Mientras un millón 479 mil 475 damnificados mantienen la esperanza de obtener una ayuda real del gobierno en Chiapas. Mientras 350 mil familias no saben qué les depara en el futuro al ser parte de uno de los tres estados más pobres del país y haber quedado en la orfandad tras el terremoto de 8.2 grados del día jueves. Mientras 15 familias cargan no sólo con las pérdidas materiales sino con el alma enlutada por la muerte de algún ser querido. Mientras eso pasa, algunos políticos no pierden la oportunidad de mostrar su altruismo en videos y fotografías en una “sana competencia” para ver quién es más bueno que los demás.

La ayuda se reduce a ese momento que los va a posicionar ante algunos ilusos y que les servirá de campaña en las redes (aunque no sean los tiempos). La ayuda es ese arribismo característico que ha heredado esa política rancia que sembró hace décadas el paternalismo y nos volvió un pueblo acostumbrado a las dádivas (aunque no nos guste aceptarlo), y que ha creado una fábrica de pobres que les sirve (a los políticos) para mantener el poder en las mismas manos: elección tras elección.

La ayuda de los políticos es un video grabado en donde aparecen con el rostro acongojado, la cara lavada y sin maquillaje (algunas mujeres, sintiéndose feas (Anahí lo dijo), porque no tuvieron a su equipo para que las emperifollara.
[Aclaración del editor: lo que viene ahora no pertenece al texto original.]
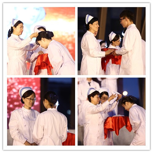 莊嚴而隆重的授帽儀式拉開帷幕,護理學院院長郝玉芳、第一臨床醫學院護理部郭海玲主任、第二臨床醫學院護理部焦蘊蘭主任、第三臨床醫學院護理部唐玲主任、北京中醫醫院護理部郝麗主任、望京醫院護理部曹艷霞主任以及眼科醫院護理部黃少蘭主任為2014級本科班、對外交流班、2015級高職班的42名優秀學生代表授帽,西苑醫院護理部李靜主任帶領同學們進行宣誓,學生們在燭光和誓言中接受了職業精神的洗禮。

La ayuda es, probablemente, un video donde resaltan que tiene ojeras y que llevan varias horas sin dormir (nada comparado con el desvelo y dolor de haber perdido todo) porque están ayudando a la gente ensartados en su ropa de marca, en sus pantalones importados y en la necesidad de que todos sepan lo que están dando a quienes lo necesitan.

Esa es la ayuda que para esa clase política importa: aparecer en las portadas de los diarios recorriendo las zonas de desastre, abrazando a las víctimas y fingiendo llorar con ellas, observando las casas derrumbadas y prometiendo lo imposible, mostrándose solidarios cuando no les duele nada. ¿Y luego? La historia la sabemos todos. Luego viene el olvido, la incertidumbre, las denuncias y el tiempo que va mostrando a quienes tuvieron una esperanza, a quienes se aferraron a los discursos políticos, como los nuevos abandonados, como lo ha hecho esa misma clase política por tantos otros miles de mexicanos.

Otros, los que aspiran a algún puesto de elección popular, aparecen entregando víveres, colchonetas o ropa. Aparecen mostrando un rostro que se les acabará en cuanto alcancen su cometido. La historia no miente. Lo hicieron tras el paso del huracán Stan, lo hicieron en el sismo que dejó a cientos de damnificados en Unión Juárez y Ciudad Hidalgo o, sin ir tan lejos, lo hicieron con los damnificados de la colonia San Francisco, en la capital Tuxtla Gutiérrez, cuando las lluvias arrasaron con todo.

Lo hicieron y dejaron el mismo trillado discurso. Lo hicieron antes y es muy probable que lo hagan de nuevo. Quizá por eso muchos ciudadanos estén preocupados por la forma en que harán uso del fideicomiso llamado Fondo de Desastres Naturales (Fonden). No es nada nueva la malversación de los recursos, el agandaye de los gobiernos en turno y el abandono que terminan padeciendo los damnificados. No es nada nuevo que el Fonden sirva para algunos estados como caja chica y, más ahora, que nos encontramos en la antesala de las elecciones del 2018.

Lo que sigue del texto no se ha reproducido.